Bauleitplanung

Bauleitplanung - Grundstück - Baugesetzbuch - Bebauungsplan

Die Bauleitplanung

Wer ein Grundstück bebauen oder baulich nutzen will, muss wissen, ob das Baurecht dies zulässt.

Dies erfordert in der Regel eine planungsrechtliche und bauordnungsrechtliche Beurteilung, die vor Abschluss des Notarvertrages stattfinden muss.

Unerlässlich sind daher Vorgespräche des Käufers mit den zuständigen Ämtern (Liegenschaftsamt, Bauamt, Bürgermeister, untere Wasserbehörde etc.).

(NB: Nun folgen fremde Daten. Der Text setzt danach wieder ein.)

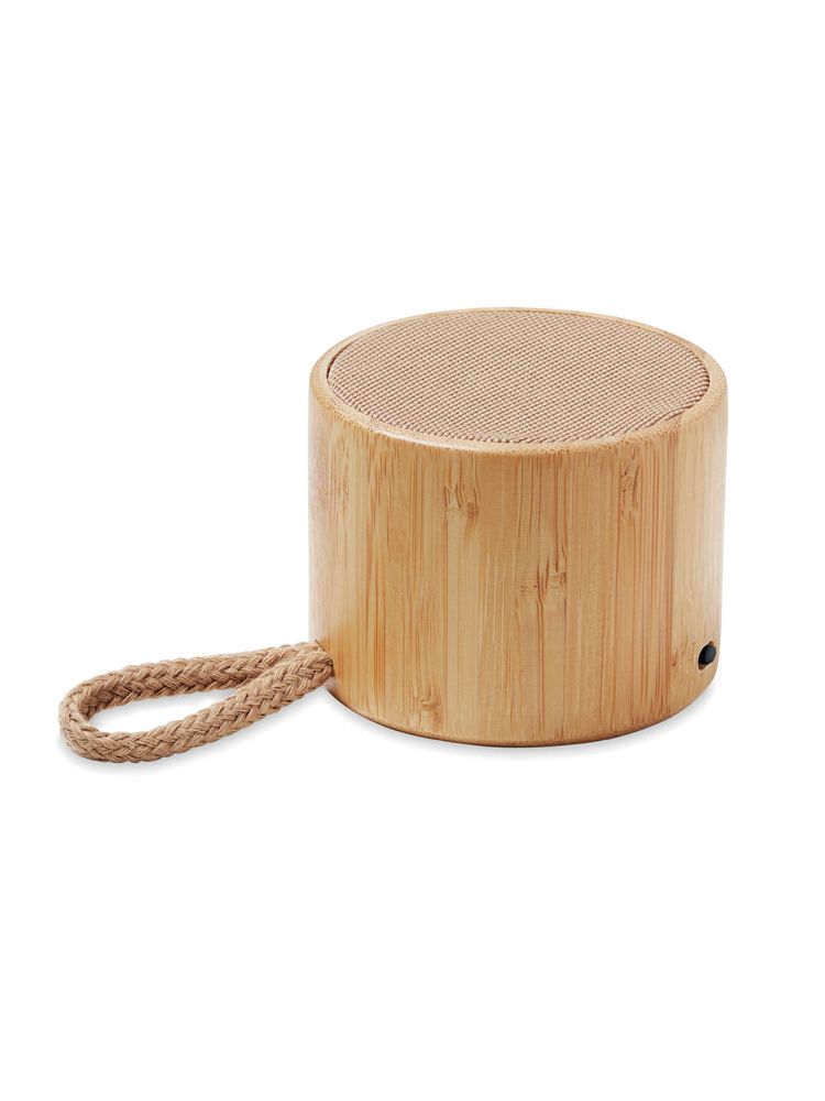 Głośnik bezprzew. 5.1 z ABS, bambusowa obudowa, bawełna, pętelką do zawieszenia. Lampka LED, 1 Akumulator Li-POL 300 mAh, port kart SD, kabel AUX/USB. Wyjście: 3W, 3Ohm i 5V. Czas odtwarzania ok. 3h. Bambus jest produktem naturalnym, dlatego mogą wystąpić nieznaczne różnice w kolorze, wzorze i rozmiarze.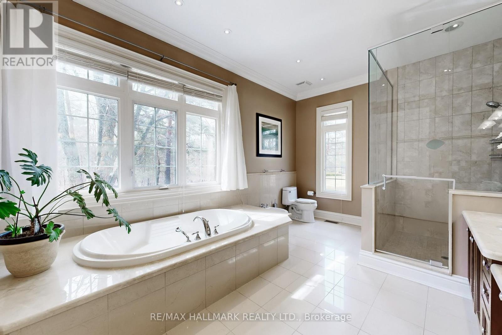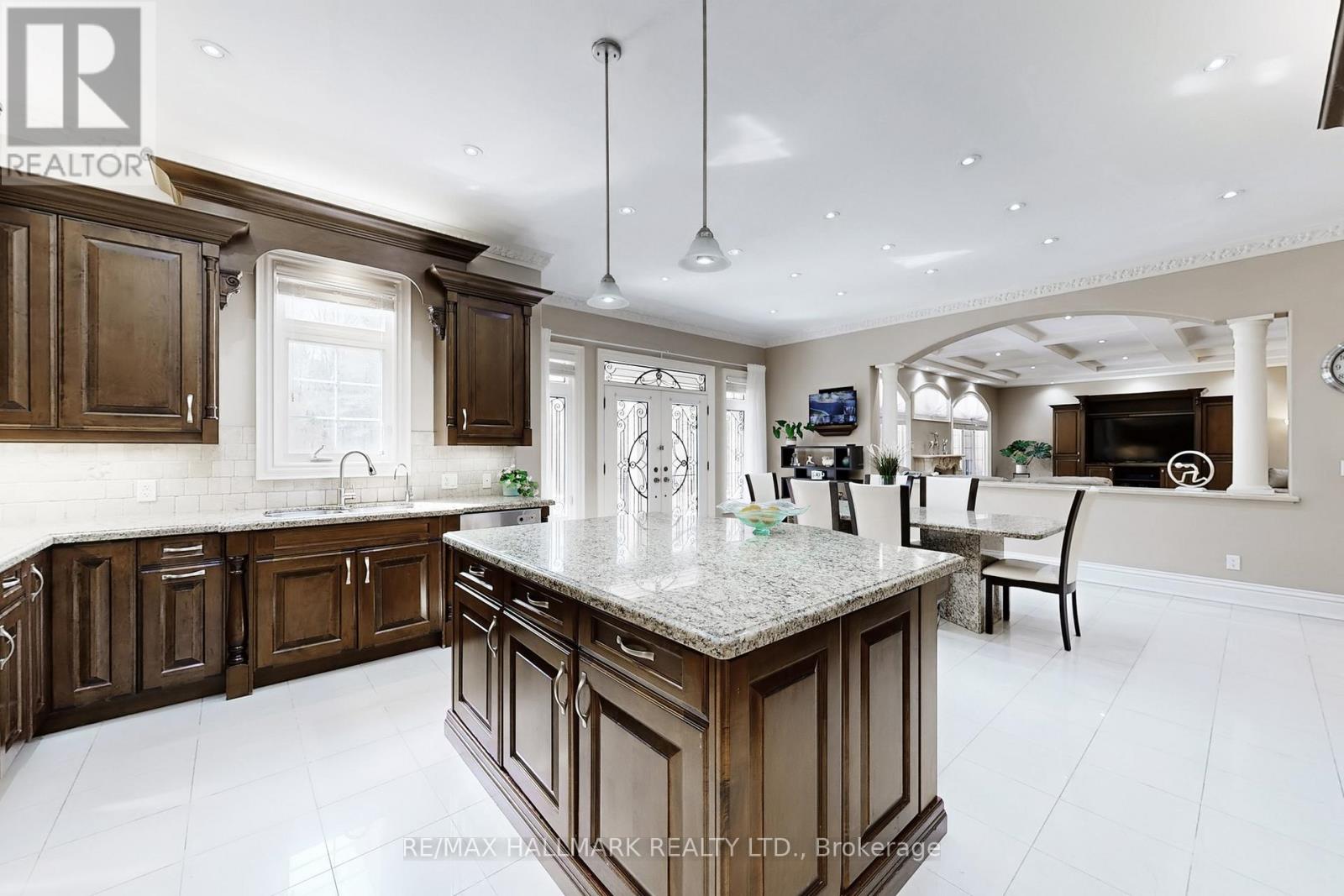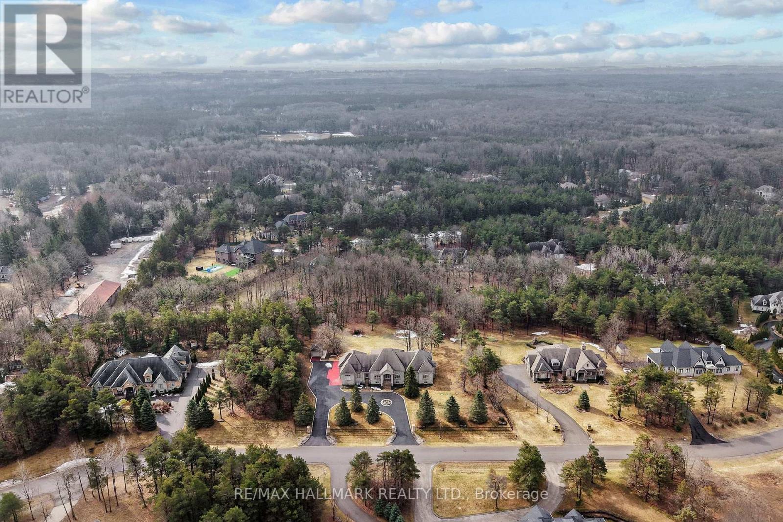 A Rare Custom Built Bungalow Offering Over 8,000 Sqft of Finished Living Space On An Exceptional 1.8 Acre Court Lot With 241 Ft of Frontage!Privately set behind mature evergreens, this impressive home showcases timeless architecture enhanced by extensive granite landscaping, dualdriveway entrances, a circular motor court, and parking for 20+ vehicles, creating a grand and memorable arrival. The striking stone exteriorextends to the garage and is complemented by nature stone finishes at all entry points. Crafted with superior Italian-inspired design, the homefeatures 10ft ceilings, rich Brazilian hardwood flooring, solid wood roof beams, tray and coffered ceilings, custom window detailing, andexquisite millwork throughout. The gourmet chef's kitchen is both functional and refined, offering granite countertops, a large centre island,premium built-in appliances, and a seamless walkout to a covered loggia overlooking beautifully landscaped grounds. A matching granitebreakfast table completes the space with cohesive design. The main level offers generously sized bedrooms, each with walk-in closets,anchored by a luxurious primary retreat featuring double door entry and a spa-inspired 6pc ensuite. The fully finished lower level expands theliving space with above-grade windows, a dramatic floor-to-ceiling fireplace with custom carved surround, built-in media centre, second kitchen,steam shower bath, and a versatile bedroom/office. With 2 separate staircases and complete lower-level living, this home is ideal formultigenerational living. Extensively equipped with 2 furnaces, 2 A/C units, 2 HRV systems, 200 amp service, 22kW Generac generator and sprinkler system.Additional upgrades include: metal front fence, updated windows, regularly sealed stonework, and new LED pot lights throughout. Just minutesto golf, amenities, and scenic forest trails. Don't miss out on this truly rare offering defined by scale, quality, and exceptional attention to detail! (id:64974)

Maßgebend für das Baurecht in Deutschland sind das Baugesetzbuch, die Baunutzungsverordnung und die Landesbauordnungen sowie Spezialvorschriften wie beispielsweise wasserrechtliche Vorschriften.

Liegt das Grundstück im Geltungsbereich eines qualifizierten Bebauungsplanes, der allein oder gemeinsam mit sonstigen baurechtlichen Vorschriften etwa landschaftspflegerischen Vorgaben mindestens Festsetzungen über die Art und das Maß der baulichen Nutzung, die überbaubare Grundstücksfläche und die örtlichen Verkehrsflächen enthält, so ist ein Bauvorhaben zulässig, wenn es diesen Festsetzungen nicht widerspricht und die Erschließung gesichert ist.